ENTRIES PROVIDED: Begin
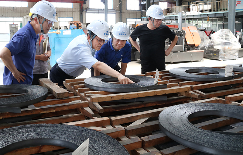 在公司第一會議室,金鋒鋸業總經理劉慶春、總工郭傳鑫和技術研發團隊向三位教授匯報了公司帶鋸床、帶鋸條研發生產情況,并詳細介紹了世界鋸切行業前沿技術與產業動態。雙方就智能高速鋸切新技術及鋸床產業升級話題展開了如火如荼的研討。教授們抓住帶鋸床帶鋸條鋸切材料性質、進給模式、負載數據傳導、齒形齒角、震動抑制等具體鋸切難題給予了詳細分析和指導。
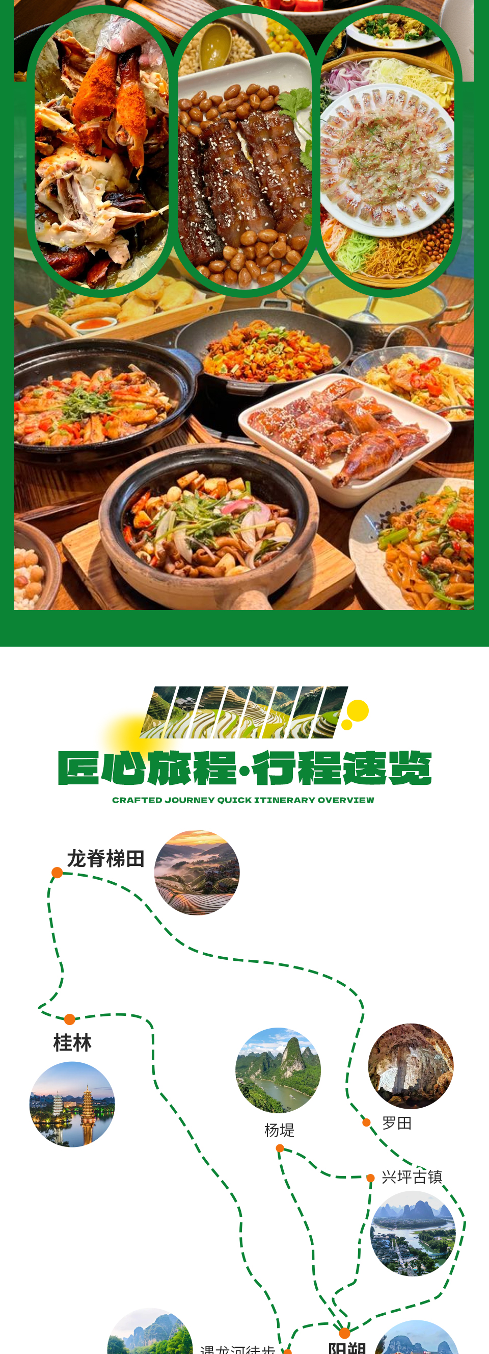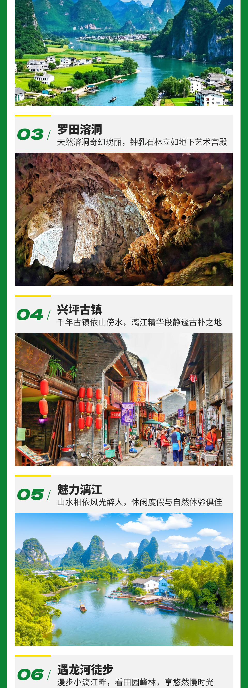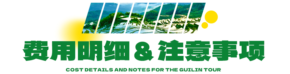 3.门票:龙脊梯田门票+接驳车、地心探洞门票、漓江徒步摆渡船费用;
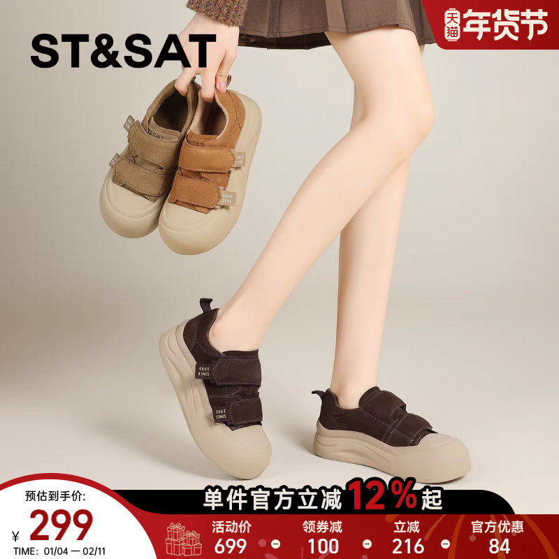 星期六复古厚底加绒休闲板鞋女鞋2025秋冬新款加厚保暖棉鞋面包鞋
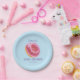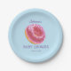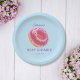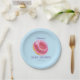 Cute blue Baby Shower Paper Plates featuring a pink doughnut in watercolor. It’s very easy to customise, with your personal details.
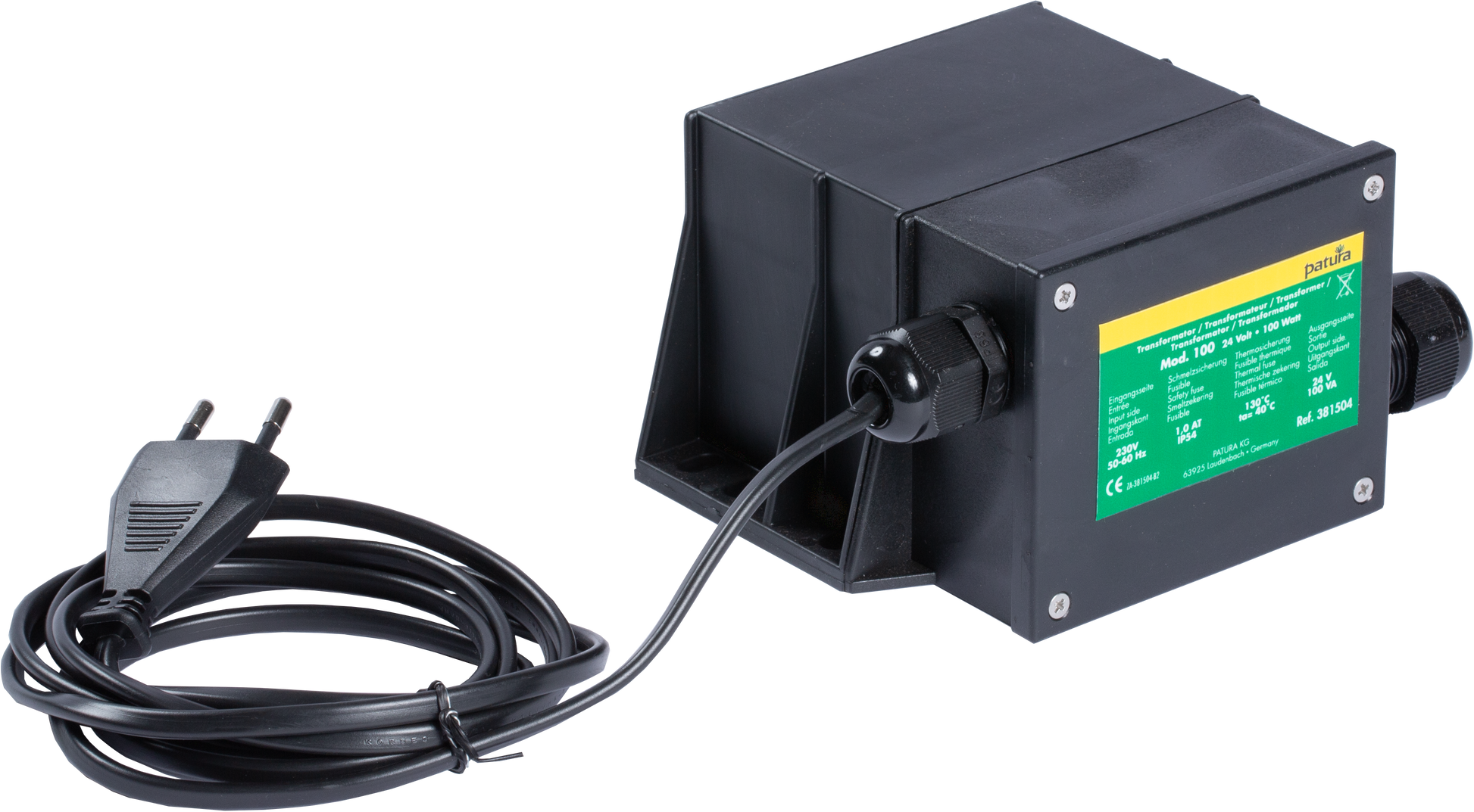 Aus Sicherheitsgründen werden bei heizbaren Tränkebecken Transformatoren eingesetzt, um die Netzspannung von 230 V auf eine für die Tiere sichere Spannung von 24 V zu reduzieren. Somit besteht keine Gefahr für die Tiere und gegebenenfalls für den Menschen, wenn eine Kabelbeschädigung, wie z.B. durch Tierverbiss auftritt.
ENTRIES PROVIDED: End
ENTRIES PROVIDED: Begin
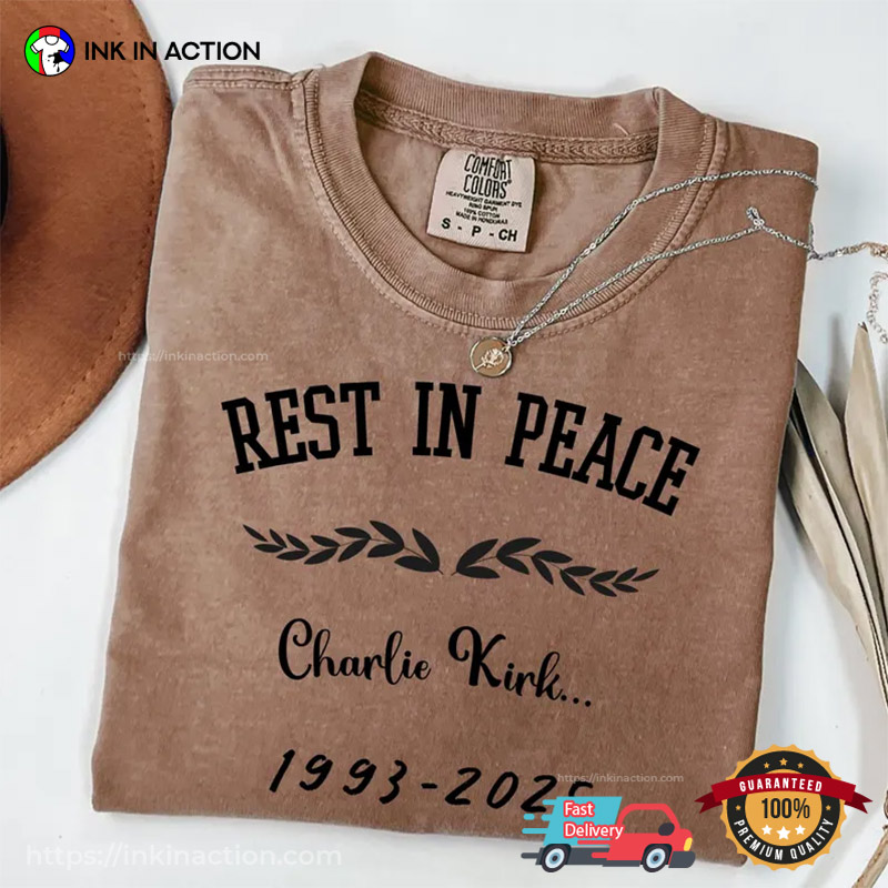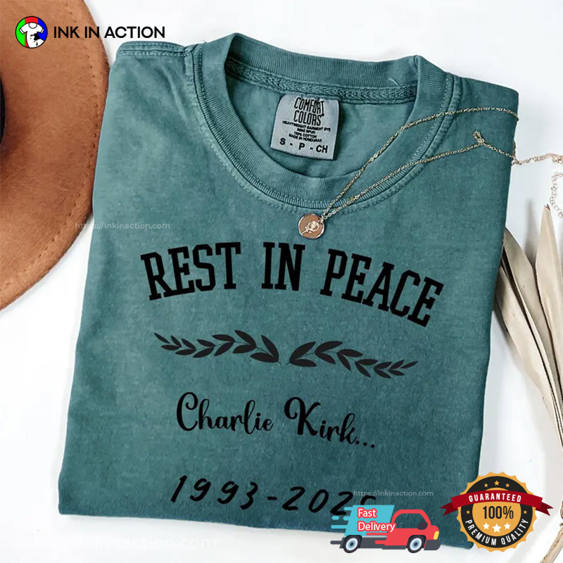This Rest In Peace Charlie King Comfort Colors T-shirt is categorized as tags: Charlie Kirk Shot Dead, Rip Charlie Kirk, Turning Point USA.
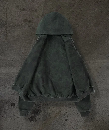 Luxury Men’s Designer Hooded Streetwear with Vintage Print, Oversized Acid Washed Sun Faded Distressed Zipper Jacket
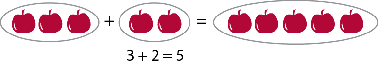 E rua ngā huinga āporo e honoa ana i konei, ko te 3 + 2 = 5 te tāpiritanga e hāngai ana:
ENTRIES PROVIDED: End
ENTRIES PROVIDED: Begin
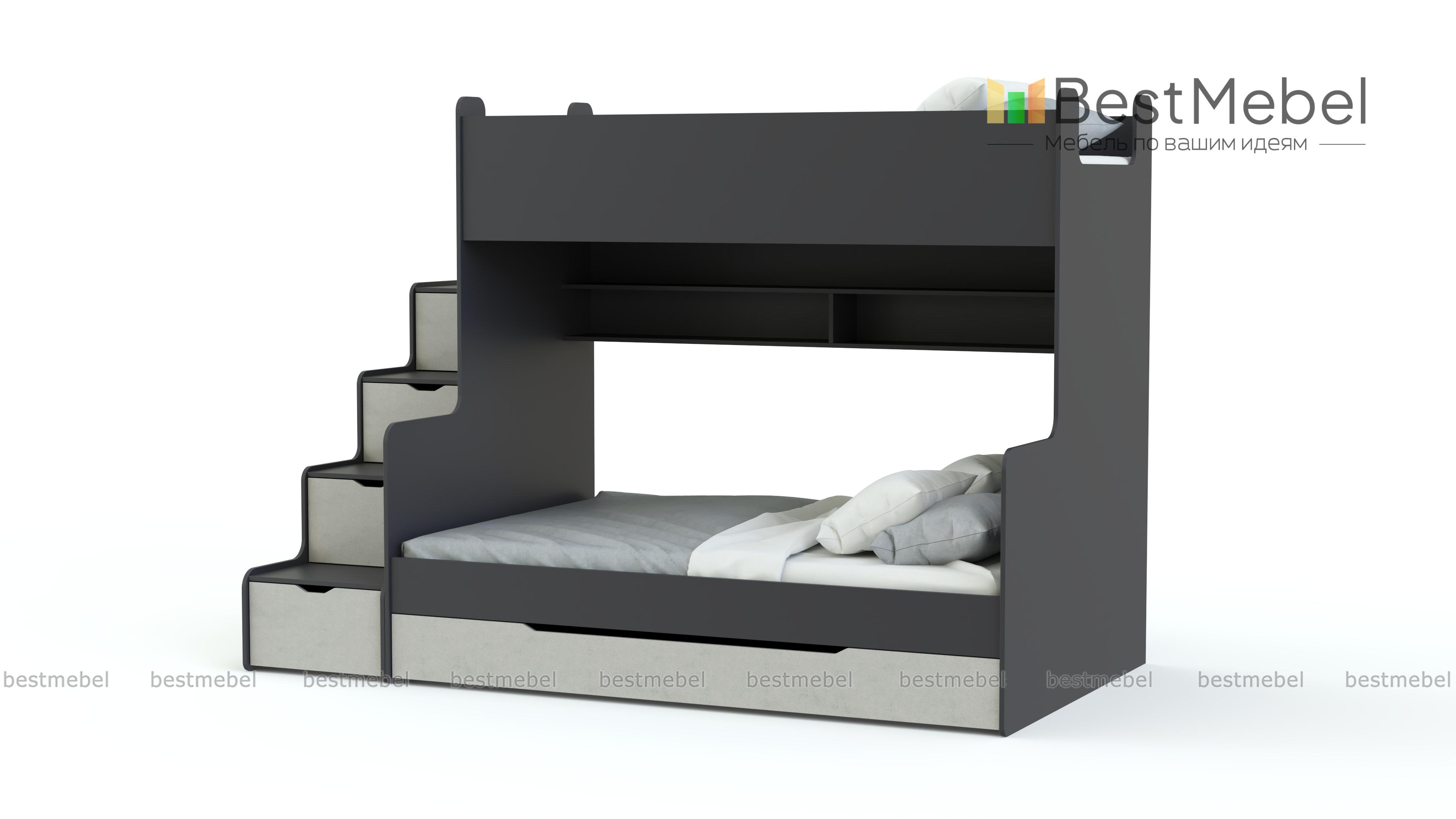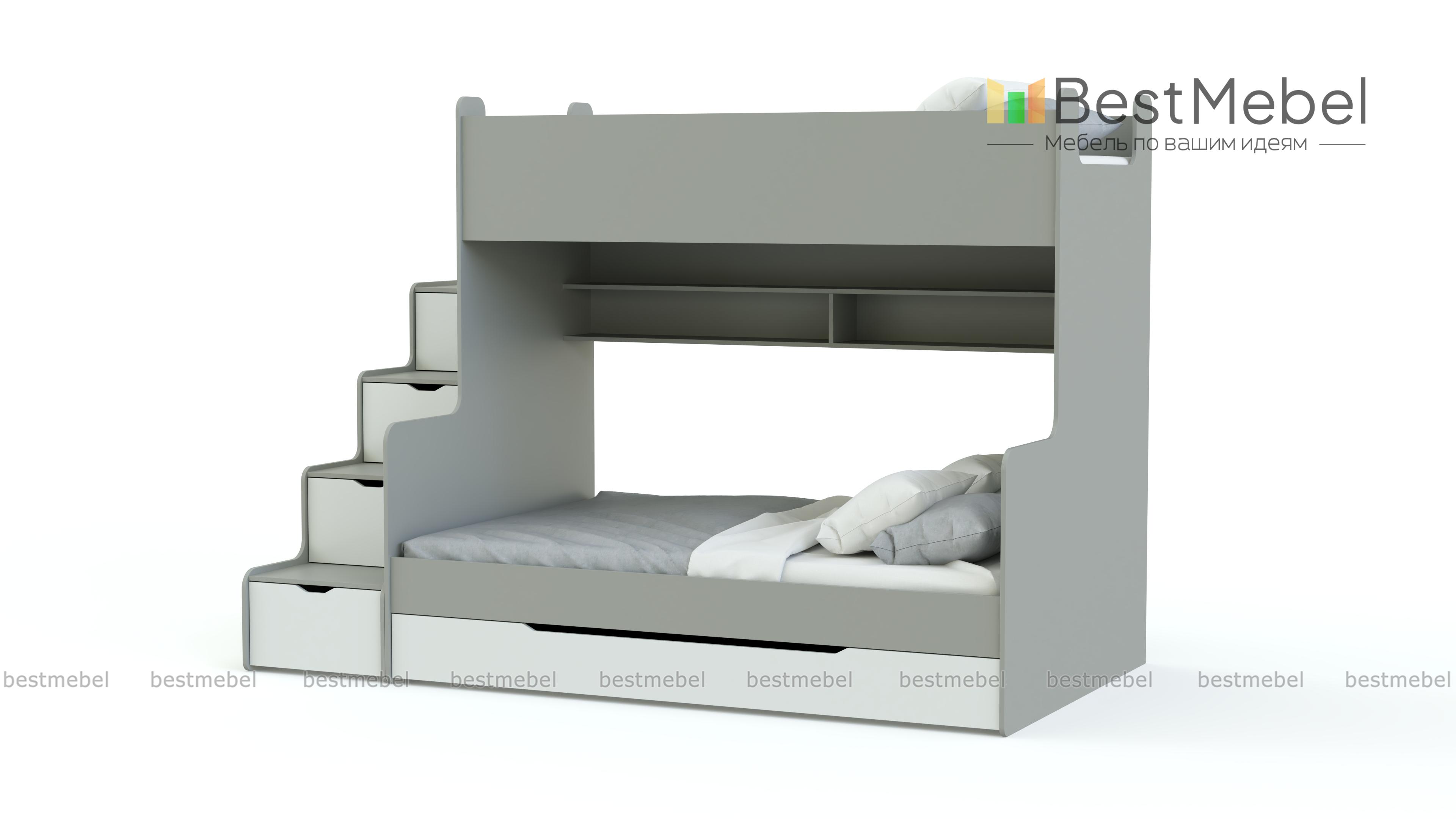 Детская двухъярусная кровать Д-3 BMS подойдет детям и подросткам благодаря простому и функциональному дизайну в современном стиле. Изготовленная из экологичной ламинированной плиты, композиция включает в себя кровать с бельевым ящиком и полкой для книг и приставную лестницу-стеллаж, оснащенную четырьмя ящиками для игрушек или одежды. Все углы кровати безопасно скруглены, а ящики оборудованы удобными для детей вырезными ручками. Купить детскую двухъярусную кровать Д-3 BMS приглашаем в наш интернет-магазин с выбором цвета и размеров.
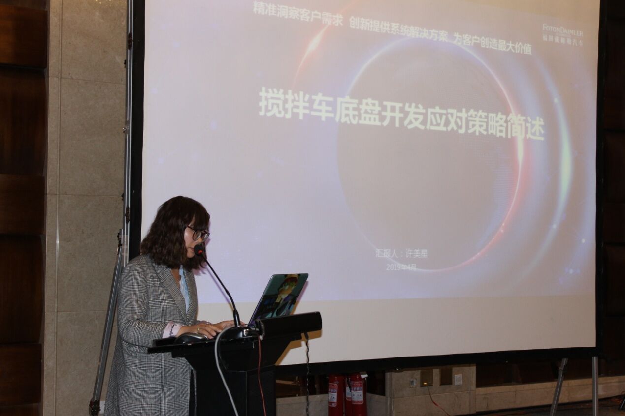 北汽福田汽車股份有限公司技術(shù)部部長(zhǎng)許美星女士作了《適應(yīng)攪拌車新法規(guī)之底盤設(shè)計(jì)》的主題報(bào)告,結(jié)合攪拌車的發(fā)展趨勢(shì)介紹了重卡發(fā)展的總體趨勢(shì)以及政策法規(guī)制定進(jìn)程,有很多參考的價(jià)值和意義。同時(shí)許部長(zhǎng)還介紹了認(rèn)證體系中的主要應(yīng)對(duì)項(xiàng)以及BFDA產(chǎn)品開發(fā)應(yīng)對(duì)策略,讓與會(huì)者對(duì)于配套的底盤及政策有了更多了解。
ENTRIES PROVIDED: End
- TASK PROMPT -
The lines above from the line with "This Rest In" through the line with "Luxury Men’s Designer" are to be given again word for word, with no pictures among them.

- COMPLETED EXERCISE -
This Rest In Peace Charlie King Comfort Colors T-shirt is categorized as tags: Charlie Kirk Shot Dead, Rip Charlie Kirk, Turning Point USA.
 Luxury Men’s Designer Hooded Streetwear with Vintage Print, Oversized Acid Washed Sun Faded Distressed Zipper Jacket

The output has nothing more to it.